_Your objective_: What you should repeat is the run of lines from the top of the listing below through the line with "WoodWick Antiquarium. Treten", exactly, with no pictures.

_Raw data_:
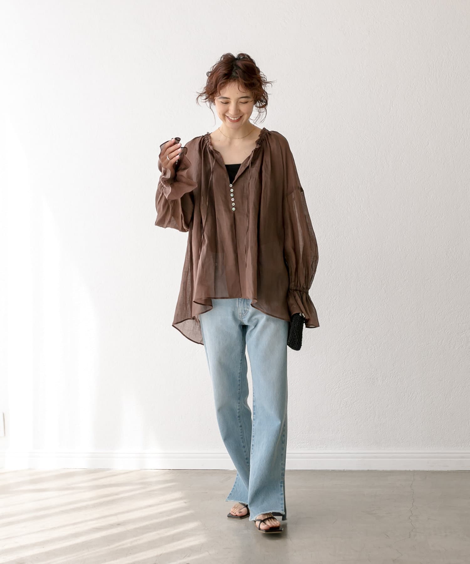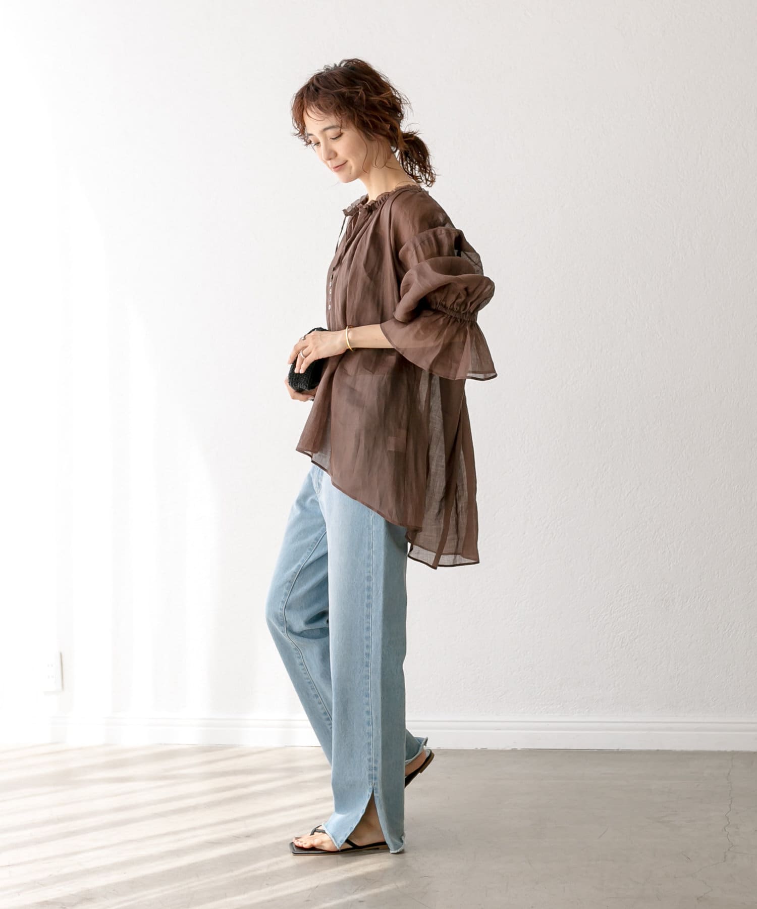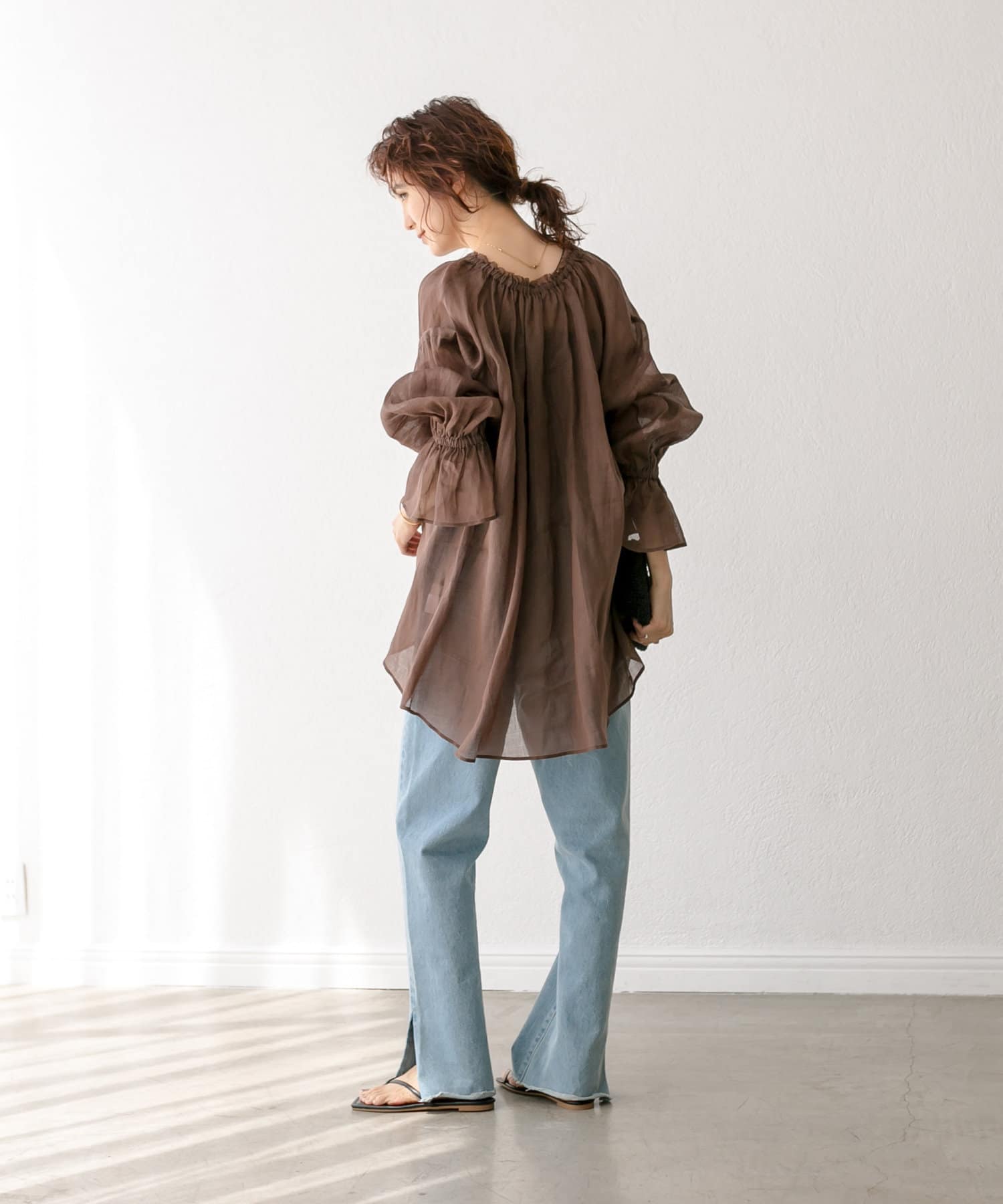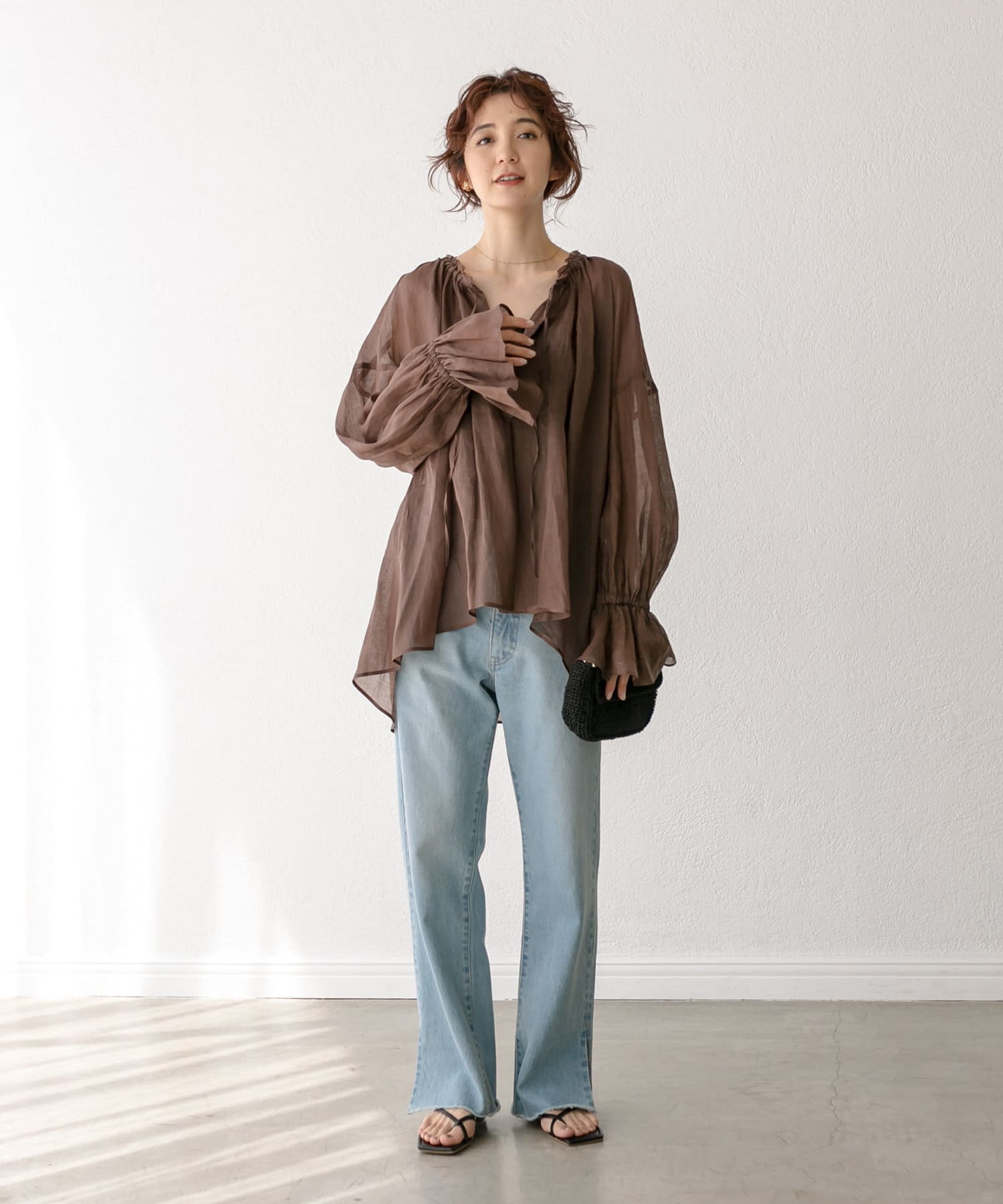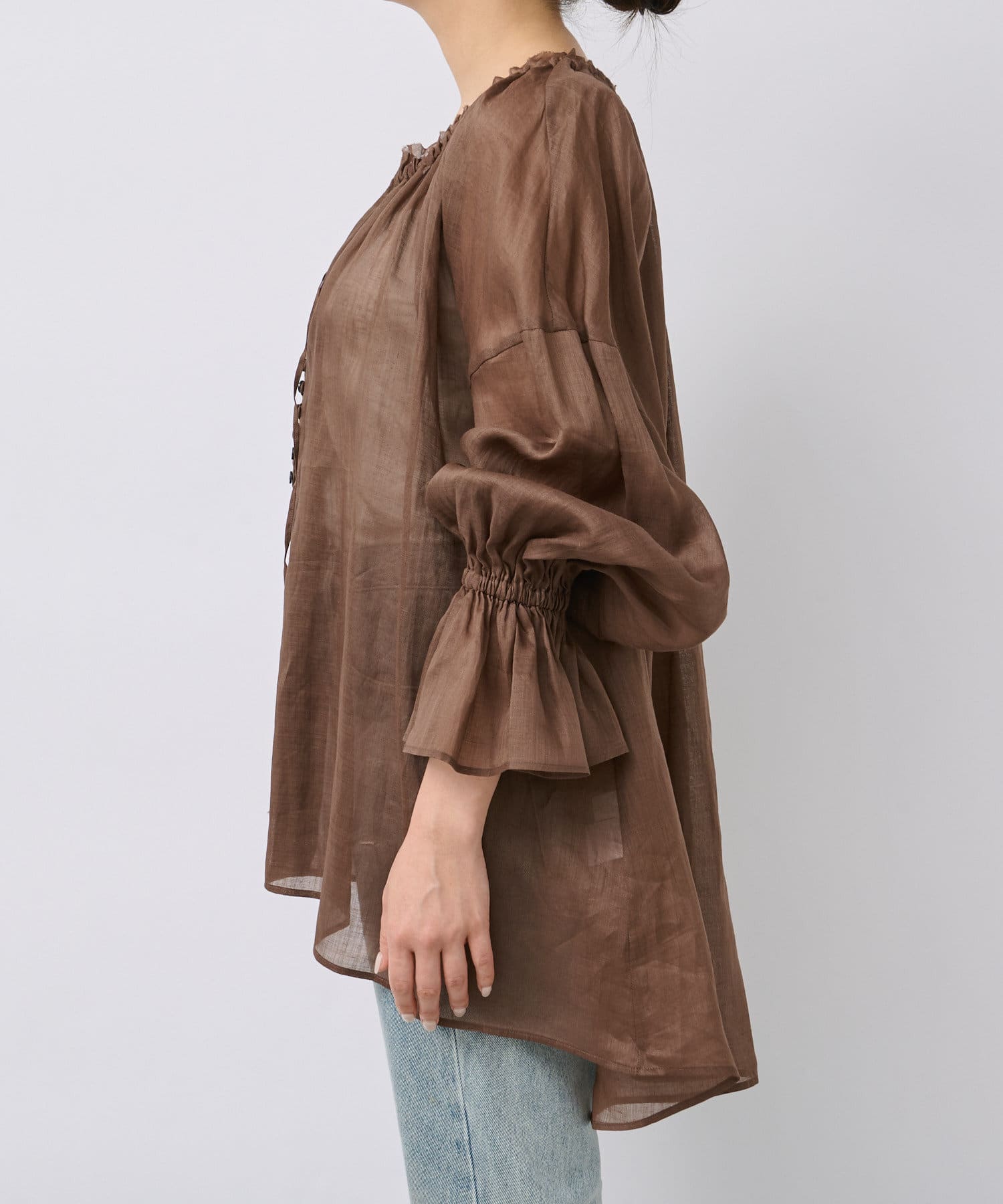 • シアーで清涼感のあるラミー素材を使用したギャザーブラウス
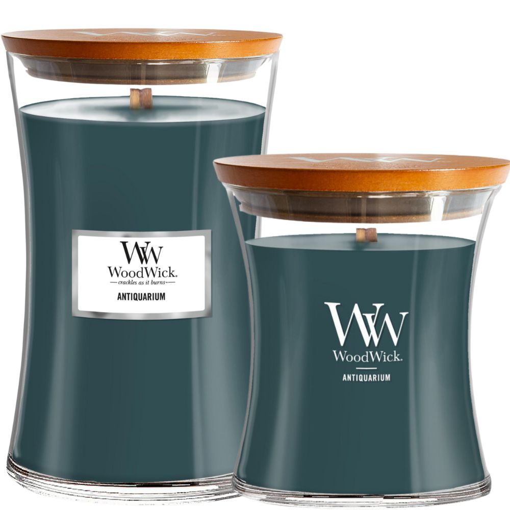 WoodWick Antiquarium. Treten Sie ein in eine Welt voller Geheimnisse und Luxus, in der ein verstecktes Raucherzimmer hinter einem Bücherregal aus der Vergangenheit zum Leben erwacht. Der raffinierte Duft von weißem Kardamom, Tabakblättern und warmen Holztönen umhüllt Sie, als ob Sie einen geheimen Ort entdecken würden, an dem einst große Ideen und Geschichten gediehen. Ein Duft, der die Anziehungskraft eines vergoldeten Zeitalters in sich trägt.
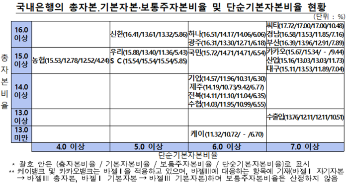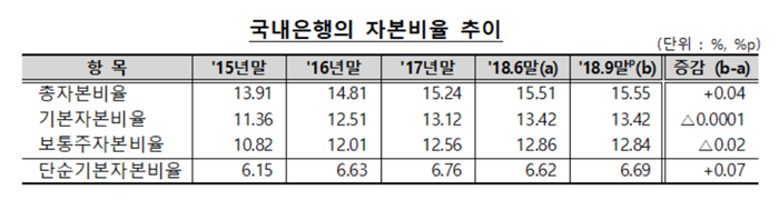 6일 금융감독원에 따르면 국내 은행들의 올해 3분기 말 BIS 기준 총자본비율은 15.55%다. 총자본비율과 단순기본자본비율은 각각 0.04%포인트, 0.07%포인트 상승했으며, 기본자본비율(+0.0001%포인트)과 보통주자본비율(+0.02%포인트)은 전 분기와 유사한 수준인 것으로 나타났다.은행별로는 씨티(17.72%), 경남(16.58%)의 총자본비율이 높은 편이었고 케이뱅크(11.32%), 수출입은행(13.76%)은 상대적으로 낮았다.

_Answer to the exercise_:
 • シアーで清涼感のあるラミー素材を使用したギャザーブラウス
 WoodWick Antiquarium. Treten Sie ein in eine Welt voller Geheimnisse und Luxus, in der ein verstecktes Raucherzimmer hinter einem Bücherregal aus der Vergangenheit zum Leben erwacht. Der raffinierte Duft von weißem Kardamom, Tabakblättern und warmen Holztönen umhüllt Sie, als ob Sie einen geheimen Ort entdecken würden, an dem einst große Ideen und Geschichten gediehen. Ein Duft, der die Anziehungskraft eines vergoldeten Zeitalters in sich trägt.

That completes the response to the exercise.